Hypogonadotropism is a common feature of uncontrolled diabetes, for which the ultimate mechanism remains to be elucidated. Kisspeptins, ligands of G protein-coupled receptor 54 (GPR54) encoded by the KiSS-1 gene, have recently emerged as major gatekeepers of the gonadotropic axis. Alteration in the hypothalamic KiSS-1 system has been reported in adverse metabolic conditions linked to suppressed gonadotropins, such as undernutrition. However, its potential contribution to defective gonadotropin secretion in diabetes has not been evaluated. We report herein analyses of luteinizing hormone (LH) responses to kisspeptin and hypothalamic expression of the KiSS-1 gene in streptozotocin (STZ)-induced diabetic male rats. In addition, functional studies involving kisspeptin replacement or continuous administration of leptin and insulin to diabetic male rats are presented. Kisspeptin administration evoked robust LH and testosterone bursts and enhanced postgonadectomy LH concentrations, despite prevailing attenuation of gonadotropic axis in diabetic animals. In addition, hypothalamic KiSS-1 mRNA levels were unambiguously decreased in diabetic male rats, and the postorchidectomy rise in KiSS-1 mRNA was severely blunted. Repeated administration of kisspeptin to diabetic rats evoked persistent LH and testosterone responses and partially rescued prostate and testis weights. In addition, central infusion of leptin, but not insulin, was sufficient to normalize hypothalamic KiSS-1 mRNA levels, as well as LH and testosterone concentrations. In summary, we provide evidence for altered expression of the hypothalamic KiSS-1 system in a model of uncontrolled diabetes. This observation, together with the ability of exogenous kisspeptin to rescue defective LH responses in diabetic rats, unravel the physiopathological implication, and potential therapeutic intervention, of the KiSS-1 system in altered gonadotropin secretion of type 1 diabetes.
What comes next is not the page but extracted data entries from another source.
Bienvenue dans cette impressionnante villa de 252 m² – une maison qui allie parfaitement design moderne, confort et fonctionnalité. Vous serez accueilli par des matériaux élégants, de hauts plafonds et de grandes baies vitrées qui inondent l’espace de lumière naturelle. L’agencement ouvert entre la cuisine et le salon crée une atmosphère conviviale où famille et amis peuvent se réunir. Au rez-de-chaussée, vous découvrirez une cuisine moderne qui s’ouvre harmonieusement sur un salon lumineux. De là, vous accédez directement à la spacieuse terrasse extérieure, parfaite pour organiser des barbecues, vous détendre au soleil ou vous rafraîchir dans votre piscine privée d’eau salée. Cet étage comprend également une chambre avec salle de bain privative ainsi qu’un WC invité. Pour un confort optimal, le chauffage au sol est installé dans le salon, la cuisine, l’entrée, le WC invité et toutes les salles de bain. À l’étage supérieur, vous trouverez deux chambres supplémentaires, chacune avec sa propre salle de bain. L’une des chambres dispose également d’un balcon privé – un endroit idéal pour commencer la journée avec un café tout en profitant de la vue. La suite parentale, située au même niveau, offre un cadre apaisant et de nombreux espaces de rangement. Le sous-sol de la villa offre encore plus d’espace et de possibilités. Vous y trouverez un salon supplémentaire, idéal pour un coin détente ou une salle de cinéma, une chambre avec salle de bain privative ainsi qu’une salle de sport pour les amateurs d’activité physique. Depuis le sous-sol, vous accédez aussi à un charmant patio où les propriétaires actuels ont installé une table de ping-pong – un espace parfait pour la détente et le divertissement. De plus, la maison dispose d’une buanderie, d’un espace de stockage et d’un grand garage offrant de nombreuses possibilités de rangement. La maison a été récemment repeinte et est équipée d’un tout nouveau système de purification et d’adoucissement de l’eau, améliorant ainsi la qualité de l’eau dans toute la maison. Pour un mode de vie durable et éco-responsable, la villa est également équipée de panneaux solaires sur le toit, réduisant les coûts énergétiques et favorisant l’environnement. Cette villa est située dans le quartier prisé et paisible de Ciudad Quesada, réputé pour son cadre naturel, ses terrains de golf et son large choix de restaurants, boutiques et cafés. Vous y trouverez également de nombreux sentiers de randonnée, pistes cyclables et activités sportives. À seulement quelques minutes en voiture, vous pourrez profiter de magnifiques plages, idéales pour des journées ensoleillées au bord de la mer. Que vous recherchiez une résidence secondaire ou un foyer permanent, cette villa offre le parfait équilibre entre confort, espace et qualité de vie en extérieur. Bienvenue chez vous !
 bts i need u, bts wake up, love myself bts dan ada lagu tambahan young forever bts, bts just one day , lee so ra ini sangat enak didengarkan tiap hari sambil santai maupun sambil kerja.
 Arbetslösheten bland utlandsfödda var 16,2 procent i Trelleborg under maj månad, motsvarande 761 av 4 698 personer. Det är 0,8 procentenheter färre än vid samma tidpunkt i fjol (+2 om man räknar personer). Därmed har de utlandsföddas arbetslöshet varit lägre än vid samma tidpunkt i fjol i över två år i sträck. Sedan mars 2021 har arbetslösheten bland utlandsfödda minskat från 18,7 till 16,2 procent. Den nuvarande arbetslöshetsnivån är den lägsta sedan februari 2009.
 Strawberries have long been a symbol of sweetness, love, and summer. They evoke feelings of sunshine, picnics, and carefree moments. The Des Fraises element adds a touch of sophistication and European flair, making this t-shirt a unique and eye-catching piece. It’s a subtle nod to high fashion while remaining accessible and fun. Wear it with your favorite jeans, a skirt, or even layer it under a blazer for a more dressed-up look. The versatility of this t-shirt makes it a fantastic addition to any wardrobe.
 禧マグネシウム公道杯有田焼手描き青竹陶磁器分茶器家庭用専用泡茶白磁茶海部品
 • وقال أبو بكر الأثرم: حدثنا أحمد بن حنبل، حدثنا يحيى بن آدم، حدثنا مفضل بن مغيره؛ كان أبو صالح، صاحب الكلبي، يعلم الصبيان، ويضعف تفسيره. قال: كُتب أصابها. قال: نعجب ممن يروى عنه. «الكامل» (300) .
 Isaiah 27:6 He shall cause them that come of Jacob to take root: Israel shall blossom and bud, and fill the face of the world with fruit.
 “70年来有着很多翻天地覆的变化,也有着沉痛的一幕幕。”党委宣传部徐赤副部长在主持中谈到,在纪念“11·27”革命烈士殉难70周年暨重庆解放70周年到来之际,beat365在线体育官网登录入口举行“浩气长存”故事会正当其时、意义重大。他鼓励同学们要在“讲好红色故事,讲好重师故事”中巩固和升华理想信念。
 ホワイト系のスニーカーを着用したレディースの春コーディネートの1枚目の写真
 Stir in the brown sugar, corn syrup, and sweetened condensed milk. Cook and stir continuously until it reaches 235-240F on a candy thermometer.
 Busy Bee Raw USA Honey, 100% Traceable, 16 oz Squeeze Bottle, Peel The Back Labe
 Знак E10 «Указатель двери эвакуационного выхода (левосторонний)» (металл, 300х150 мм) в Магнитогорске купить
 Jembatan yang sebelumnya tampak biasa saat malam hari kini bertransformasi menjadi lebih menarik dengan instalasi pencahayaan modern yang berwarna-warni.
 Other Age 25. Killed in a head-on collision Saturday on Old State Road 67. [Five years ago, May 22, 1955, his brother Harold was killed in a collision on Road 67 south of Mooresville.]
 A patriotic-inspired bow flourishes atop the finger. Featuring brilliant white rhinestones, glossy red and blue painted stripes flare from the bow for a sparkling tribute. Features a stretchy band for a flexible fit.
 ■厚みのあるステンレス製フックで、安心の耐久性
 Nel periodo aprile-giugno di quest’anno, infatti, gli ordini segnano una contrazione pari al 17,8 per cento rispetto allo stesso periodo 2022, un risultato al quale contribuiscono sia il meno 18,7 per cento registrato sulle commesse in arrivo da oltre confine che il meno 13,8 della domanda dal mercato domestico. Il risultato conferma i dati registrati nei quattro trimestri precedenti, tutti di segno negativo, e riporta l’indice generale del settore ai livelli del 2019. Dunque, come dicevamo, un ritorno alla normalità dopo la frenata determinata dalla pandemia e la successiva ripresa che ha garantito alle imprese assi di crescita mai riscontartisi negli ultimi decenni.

Control of GnRH neuronal activity by metabolic factors: the role of leptin and insulin

Energy balance exerts a critical influence on reproductive function. Leptin and insulin are among the metabolic factors signaling the nutritional status of an individual to the hypothalamus, and their role in the overall modulation of the activity of GnRH neurons is increasingly recognized. The experiments described here were designed to further investigate the central mechanisms of action of these two hormones and the precise hypothalamic pathways implicated in their effects on the reproductive axis. NPY neurons represent a primary target of leptin actions within the hypothalamus We used mice lacking the NPY Y1 receptor (Y1-/- mice) to investigate the physiological importance of the hypothalamic NPY neuronal system and its downstream pathways involving Y1 in the reproductive effects of leptin. Results point to a crucial role for the NPY Y1 receptor in the control of the onset of puberty and the maintenance of reproductive functions by leptin. A striking finding of these experiments was the observation that juvenile Y1-/- mice submitted to food restriction can proceed through puberty like normally fed animals, demonstrating that the absence of Y1 impairs the perception of decreasing energy stores by the gonadotrope axis. Next, we used parallel in vivo and in vitro experiments to delineate the role of insulin in the stimulation and maintenance of the activity of the neuroendocrine reproductive axis. First, we observed that the increase in circulating insulin levels achieved during hyperinsulinemic clamp studies in normal male mice was associated with a significant rise in LH secretion. This effect of insulin is likely mediated at the hypothalamic level, as insulin stimulates the secretion and the expression of GnRH by hypothalamic neurons in culture. Using primary neuronal cultures as well as a novel GnRH neuronal cell line obtained by conditional immortalization of adult rat hypothalamic neurons, we have recently demonstrated that this effect of insulin on GnRH gene expression is probably mediated directly at the level of GnRH neurons, and involves the stimulation of the MAP kinase Erk1/2 pathway. Taken together, these results provide new insights into the mechanisms involved in the regulation of GnRH neuronal activity by metabolic factors.